* PROBLEM STATEMENT
Using the listing below, set down exactly the lines starting at the line that contains "風合いのある生地がいくつもつなぎ合わされたルナバッグは" and ending at the line that contains "Se Zaia diventasse", both included, and no others.

* THE DATA
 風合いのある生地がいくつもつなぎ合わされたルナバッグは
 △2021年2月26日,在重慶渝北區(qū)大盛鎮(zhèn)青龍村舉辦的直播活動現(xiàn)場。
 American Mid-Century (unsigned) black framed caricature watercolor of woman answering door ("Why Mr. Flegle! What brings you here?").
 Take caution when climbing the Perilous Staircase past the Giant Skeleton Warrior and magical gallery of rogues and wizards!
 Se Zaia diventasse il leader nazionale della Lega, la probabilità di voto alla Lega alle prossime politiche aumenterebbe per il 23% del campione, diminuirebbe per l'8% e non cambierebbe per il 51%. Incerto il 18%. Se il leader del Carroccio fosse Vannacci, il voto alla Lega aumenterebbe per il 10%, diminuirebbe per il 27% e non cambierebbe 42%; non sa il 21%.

...

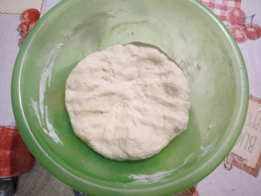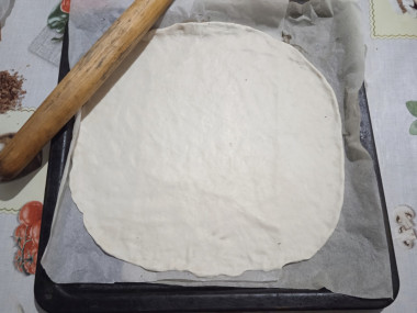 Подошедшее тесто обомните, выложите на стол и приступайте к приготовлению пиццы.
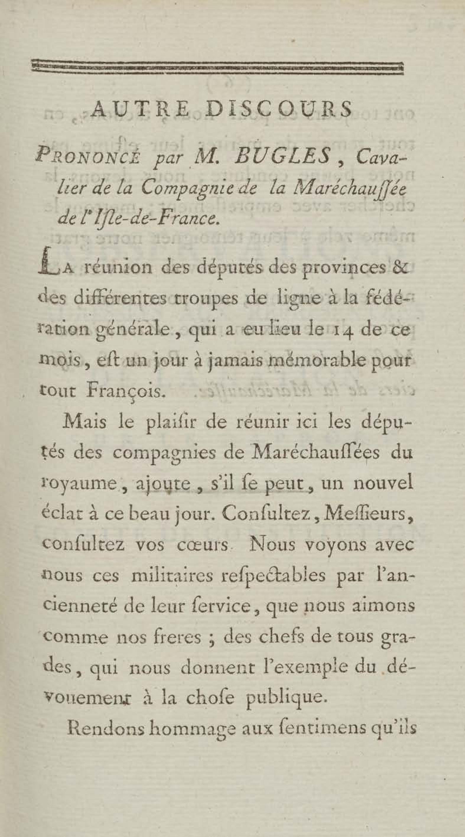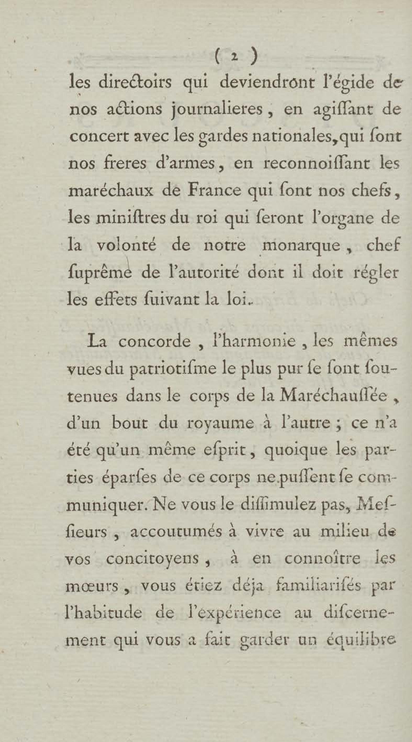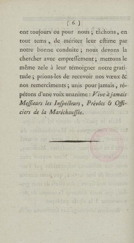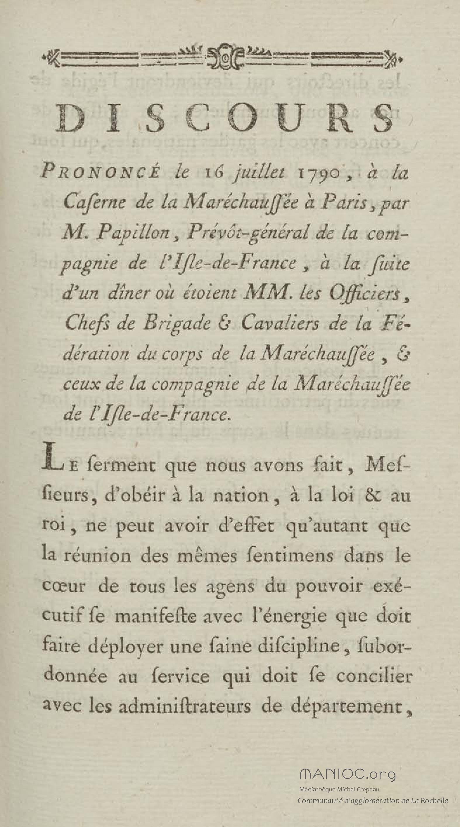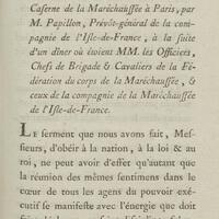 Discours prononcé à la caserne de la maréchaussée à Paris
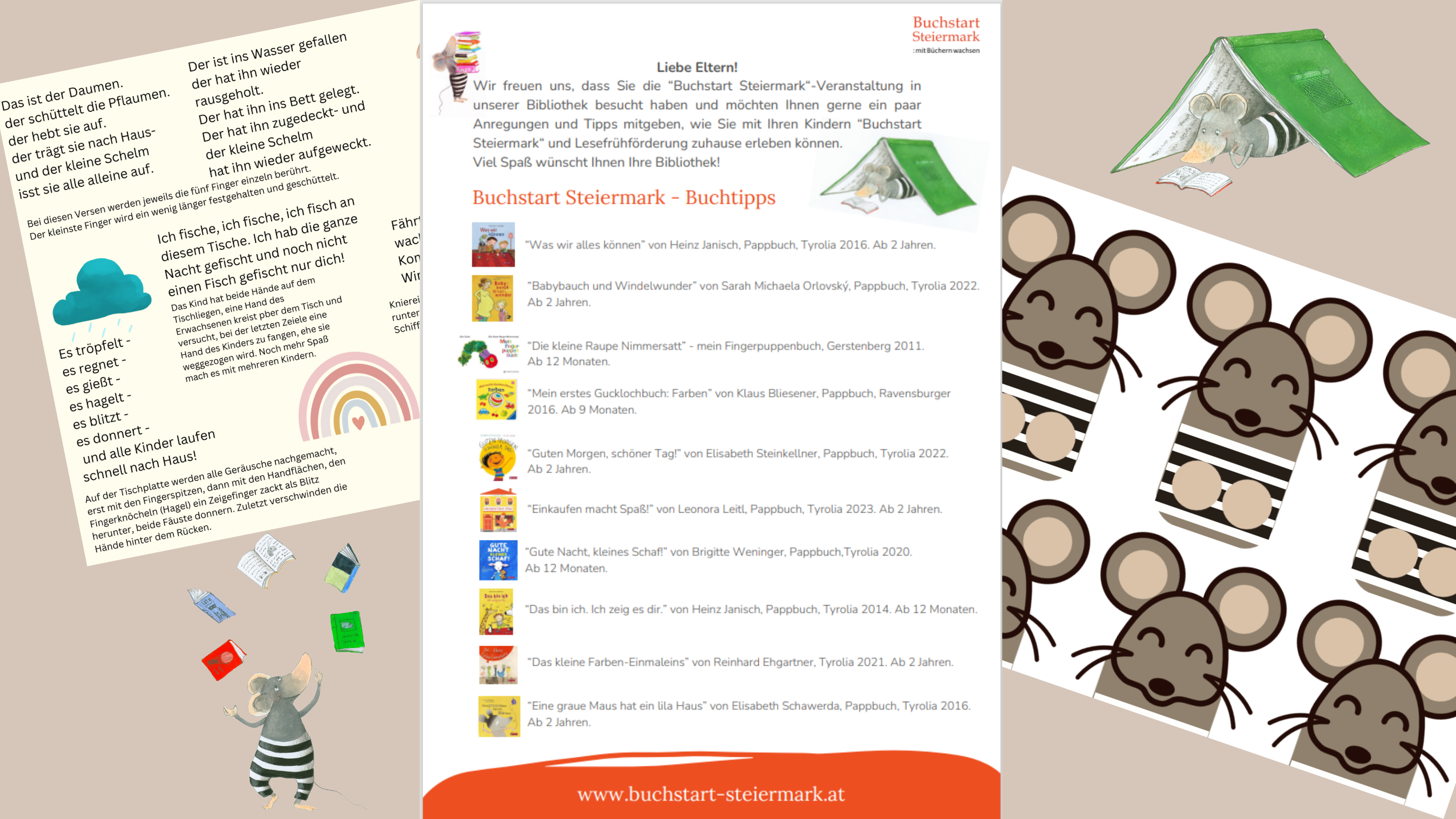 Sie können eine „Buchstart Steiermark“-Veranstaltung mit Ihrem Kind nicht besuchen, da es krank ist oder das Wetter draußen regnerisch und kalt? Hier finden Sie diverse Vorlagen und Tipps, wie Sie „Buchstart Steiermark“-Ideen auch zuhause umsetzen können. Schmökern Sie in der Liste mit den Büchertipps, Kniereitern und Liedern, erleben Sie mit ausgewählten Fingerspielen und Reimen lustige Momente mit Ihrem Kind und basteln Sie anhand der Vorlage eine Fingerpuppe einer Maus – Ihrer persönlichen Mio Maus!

--

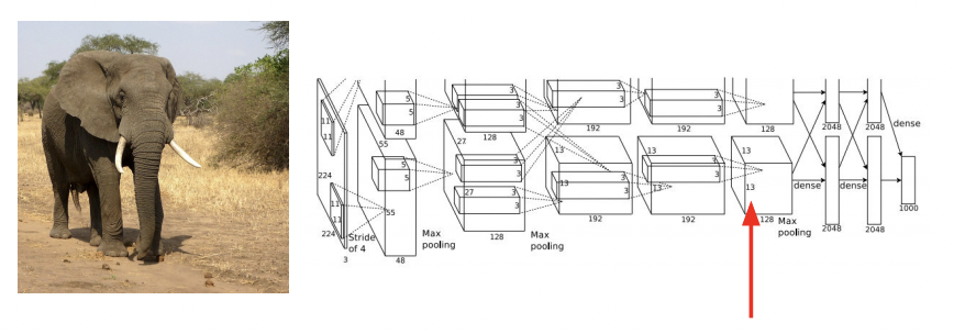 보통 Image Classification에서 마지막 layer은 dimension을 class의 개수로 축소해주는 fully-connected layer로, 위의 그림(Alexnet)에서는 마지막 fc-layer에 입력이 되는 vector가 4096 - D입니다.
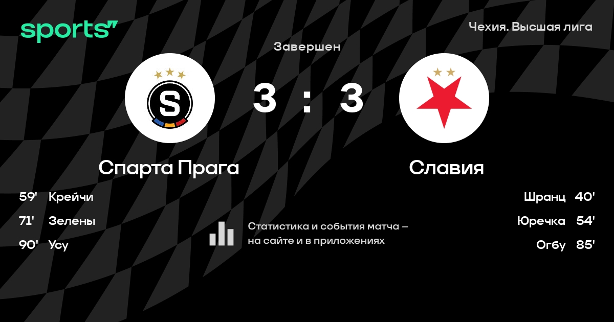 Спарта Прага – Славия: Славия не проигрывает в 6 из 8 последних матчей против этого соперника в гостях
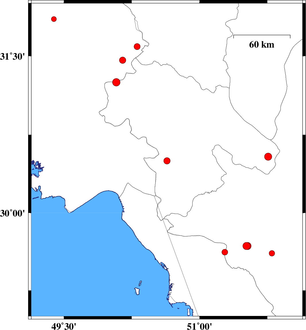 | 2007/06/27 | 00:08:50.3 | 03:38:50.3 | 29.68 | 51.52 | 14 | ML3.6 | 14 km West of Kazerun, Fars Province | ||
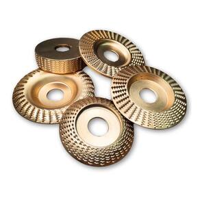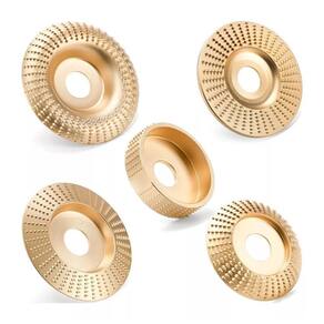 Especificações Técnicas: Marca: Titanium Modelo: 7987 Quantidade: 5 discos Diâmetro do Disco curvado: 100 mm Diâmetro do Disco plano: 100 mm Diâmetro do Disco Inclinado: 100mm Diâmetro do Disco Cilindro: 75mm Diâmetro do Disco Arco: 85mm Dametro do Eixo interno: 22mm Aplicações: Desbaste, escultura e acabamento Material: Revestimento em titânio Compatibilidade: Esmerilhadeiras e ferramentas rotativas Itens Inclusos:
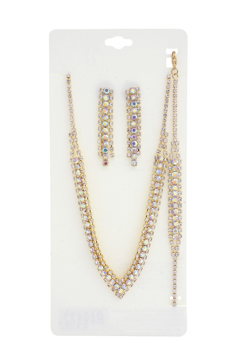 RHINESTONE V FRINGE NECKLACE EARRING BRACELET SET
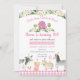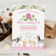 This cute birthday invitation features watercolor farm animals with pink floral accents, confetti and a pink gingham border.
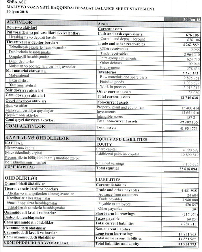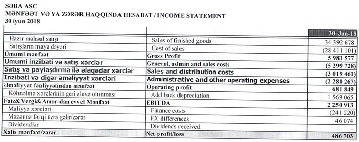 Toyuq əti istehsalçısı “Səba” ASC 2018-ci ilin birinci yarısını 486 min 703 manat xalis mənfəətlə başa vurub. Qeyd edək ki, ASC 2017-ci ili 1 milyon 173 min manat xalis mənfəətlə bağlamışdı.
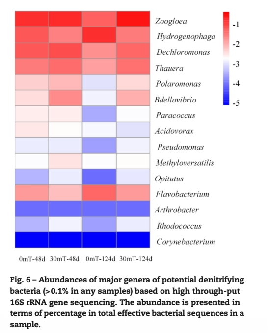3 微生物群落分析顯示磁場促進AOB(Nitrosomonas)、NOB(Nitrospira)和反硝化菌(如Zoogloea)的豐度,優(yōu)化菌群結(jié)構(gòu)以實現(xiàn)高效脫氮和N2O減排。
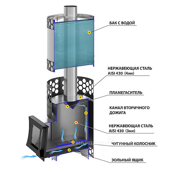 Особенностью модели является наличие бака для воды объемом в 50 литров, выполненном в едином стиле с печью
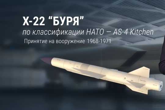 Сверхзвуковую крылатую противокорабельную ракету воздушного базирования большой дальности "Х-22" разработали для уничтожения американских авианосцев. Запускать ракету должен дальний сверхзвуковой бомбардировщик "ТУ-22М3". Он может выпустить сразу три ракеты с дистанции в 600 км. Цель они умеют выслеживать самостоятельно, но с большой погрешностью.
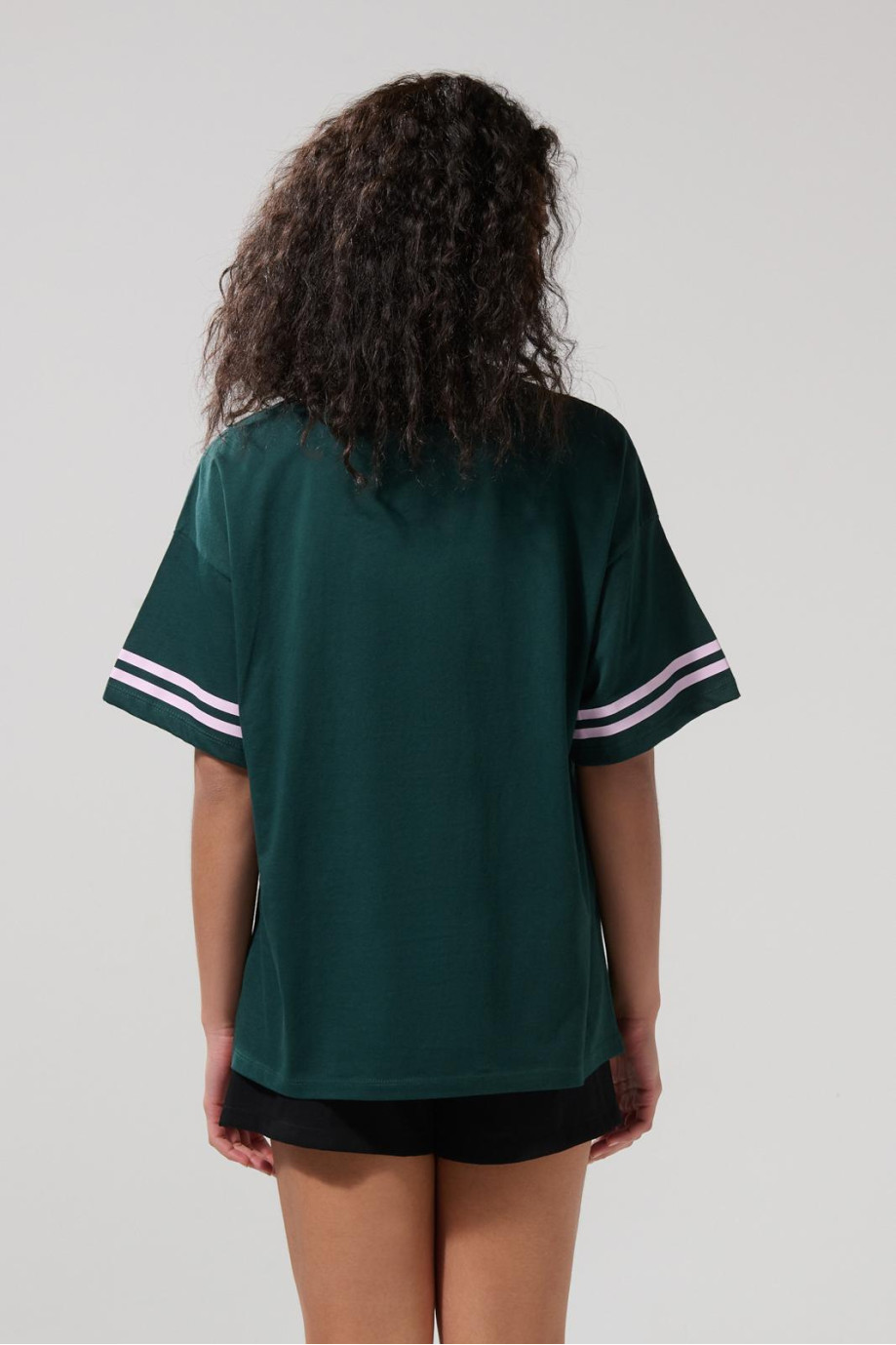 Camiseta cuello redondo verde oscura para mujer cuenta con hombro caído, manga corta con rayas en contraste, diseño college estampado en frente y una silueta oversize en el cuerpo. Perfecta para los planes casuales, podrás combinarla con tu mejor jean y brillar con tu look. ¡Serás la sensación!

* ANSWER TO THIS PROBLEM
 風合いのある生地がいくつもつなぎ合わされたルナバッグは
 △2021年2月26日,在重慶渝北區(qū)大盛鎮(zhèn)青龍村舉辦的直播活動現(xiàn)場。
 American Mid-Century (unsigned) black framed caricature watercolor of woman answering door ("Why Mr. Flegle! What brings you here?").
 Take caution when climbing the Perilous Staircase past the Giant Skeleton Warrior and magical gallery of rogues and wizards!
 Se Zaia diventasse il leader nazionale della Lega, la probabilità di voto alla Lega alle prossime politiche aumenterebbe per il 23% del campione, diminuirebbe per l'8% e non cambierebbe per il 51%. Incerto il 18%. Se il leader del Carroccio fosse Vannacci, il voto alla Lega aumenterebbe per il 10%, diminuirebbe per il 27% e non cambierebbe 42%; non sa il 21%.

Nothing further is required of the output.